Danis @ Artain

Posted on May 20

Embedding 685 million texts in 32 minutes

#rust #machinelearning #performance #opensource

My embedding pipeline used to take many hours. I'd kick it off, go do other work, come back, find a problem in the output, fix it, run it again. A single version of my semantic pipeline took three or four full runs before I was happy with it. That's a full working day burned on plumbing before the actual model work even starts.

Most embedding infrastructure is built to serve requests. I needed something different: a file-to-file engine that could keep eight GPUs busy until the corpus was done.

Now it takes 32 minutes. 357,893 msg/s sustained on 8x A100s, 2.6x faster than TEI in the reproducible benchmark, $6.75 in spot compute for the full production run.

Why I needed this

I'm building a behavioral intelligence model that needs semantic representations of public text. Think LinkedIn's "People You May Know," but generalized to open questions about a population. Who's emerging in the Rust scene, which ideas are gaining momentum among the people building the next decade.

The model needs semantic features from a large corpus of public text. Billions of raw messages. After filtering bots, deleted accounts, and noise, hundreds of millions of usable texts. Every one of them has to be embedded before the model ever sees it.

The part that bit me was iteration. You don't run an embedding pipeline once. You run it, look at the output, realize your filtering is wrong, fix it, run again. Change the model, run again. A single "version" is three-to-five full passes before you're happy with it. Whatever your wall-clock time is, multiply by at least four. That's the real cost.

What I tried first

I started with a Python pipeline running multilingual-e5-small on 8x A100s. PyTorch with BF16 for inference, HuggingFace tokenizers, manual multi-GPU dispatch, JSONL in and .npy out. This was already heavily optimized: stock sentence-transformers.encode() only gets about 2,500 msg/s on a single A100 (CPU tokenization bottlenecks the whole thing), so the custom batching and dispatch was doing 14x that out of the box. First fully optimized run came in around 35K msg/s, about 3+ hours wall clock on the full corpus. Over the next few weeks I pushed it to ~45K. That was the ceiling.
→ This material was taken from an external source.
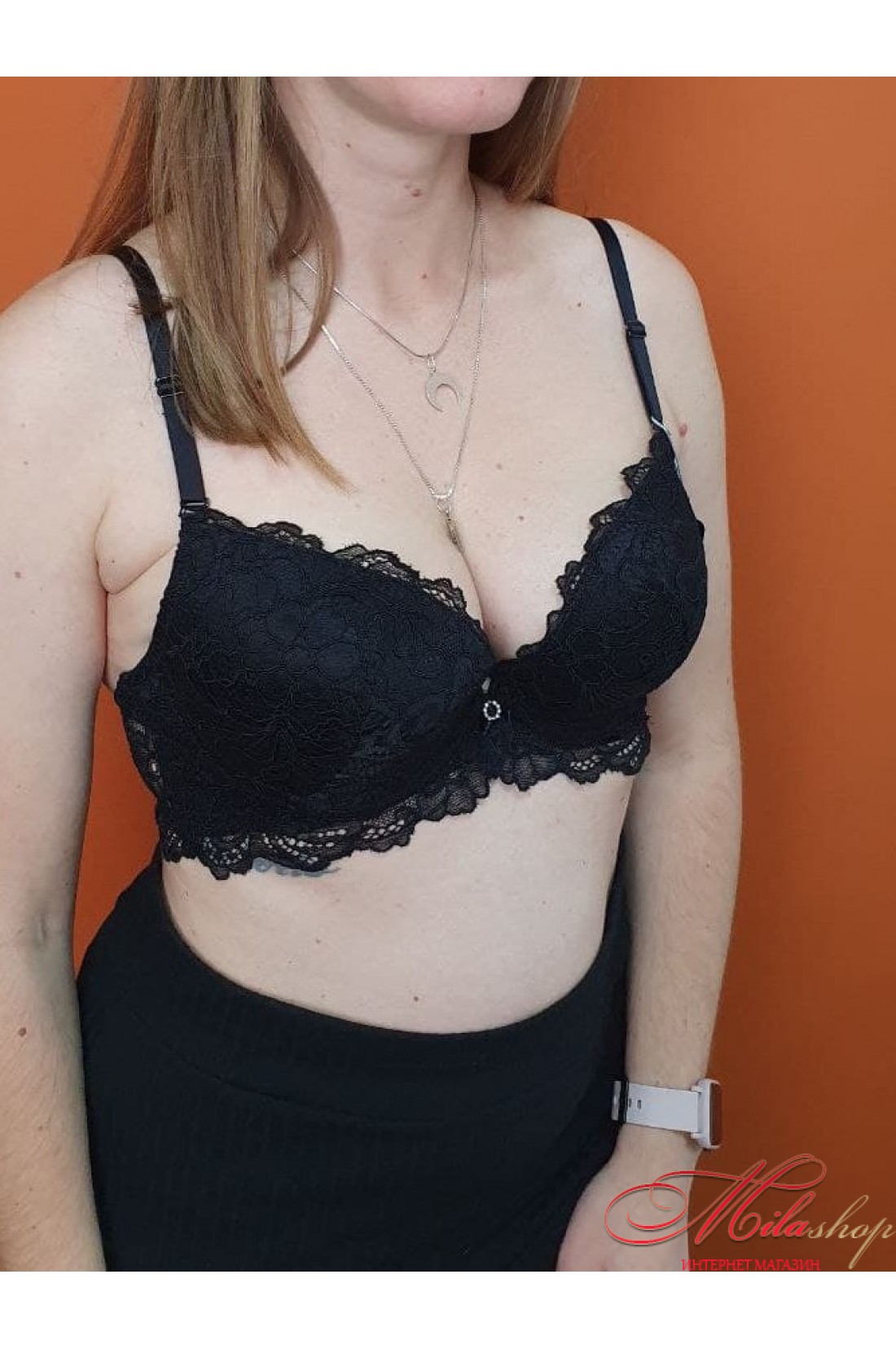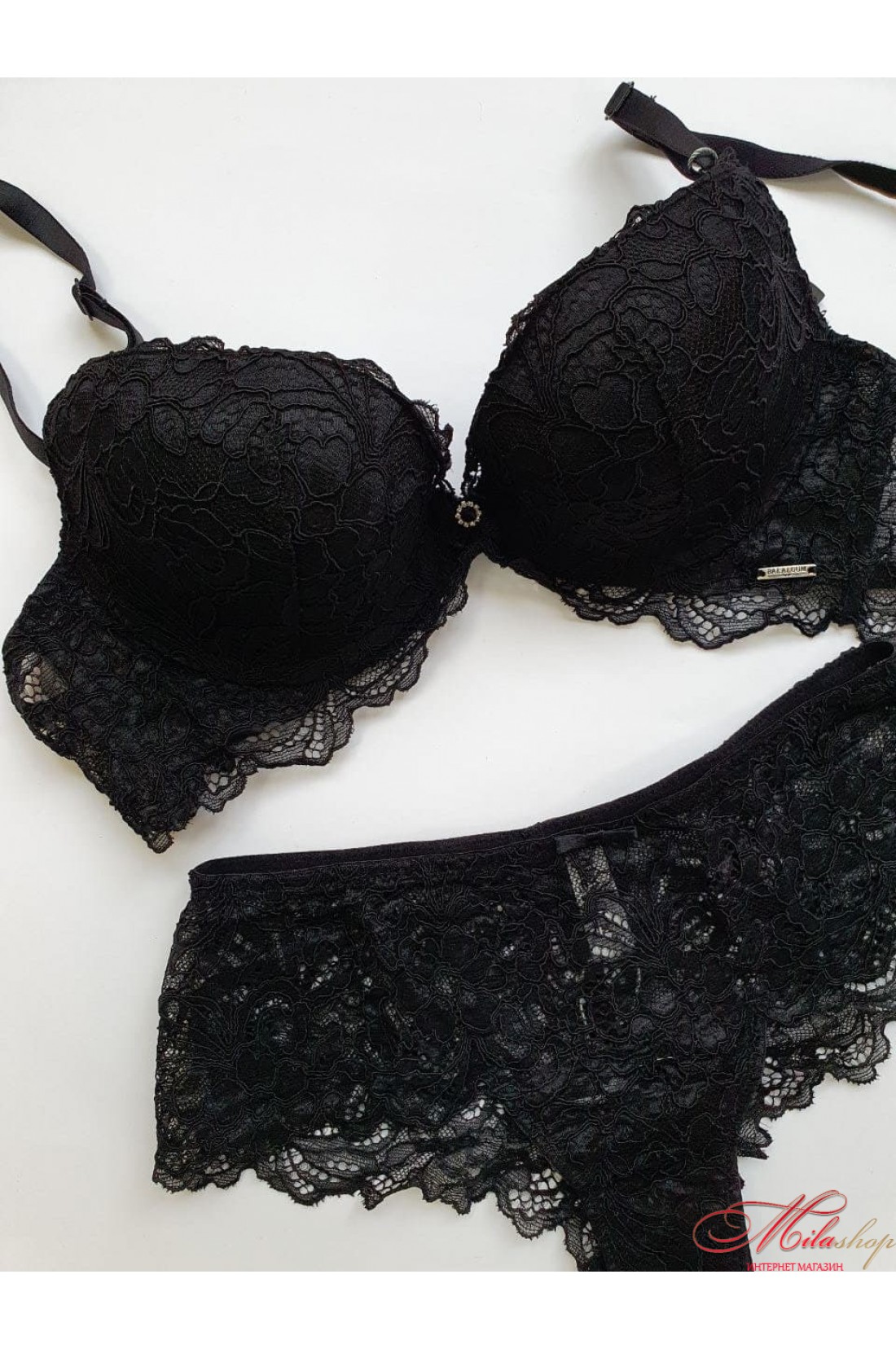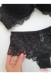 Роскошный кружевной комплект с небольшим поролоновым пуш-ап. Трусики средней посадки сзади с вертикальным швом, что подчеркивает фигуру.

The deeper problem only showed up after four full runs. Every new dataset wanted its own optimization pass: different file shapes, different size distributions, different bottlenecks. The throughput was bad. Instability made it worse. I'd push it to 45K on one corpus, add a new source, and watch it regress to 37K. I was spending time re-tuning a pipeline that was too slow even when perfectly tuned.

I spent a day on landscape research: docs, design notes, GitHub issues, back-of-envelope throughput math. The closest off-the-shelf option was HuggingFace's Text Embeddings Inference (TEI), the obvious choice for embedding throughput. But TEI is a server. Every batch goes through an HTTP interface, the architecture built around answering API calls, not chewing through files on disk. OpenAI: $932 per pass, around $4K to validate a single pipeline change. Triton: another serving stack, gRPC overhead, complex deployment. candle: Rust, native, right direction, but not the TensorRT-style compiled inference path I needed.

After that pass, I stopped thinking of this as a "faster inference" problem. Everything I found assumed you were serving embeddings to clients. I was trying to produce them from a corpus. Different problem, different architecture.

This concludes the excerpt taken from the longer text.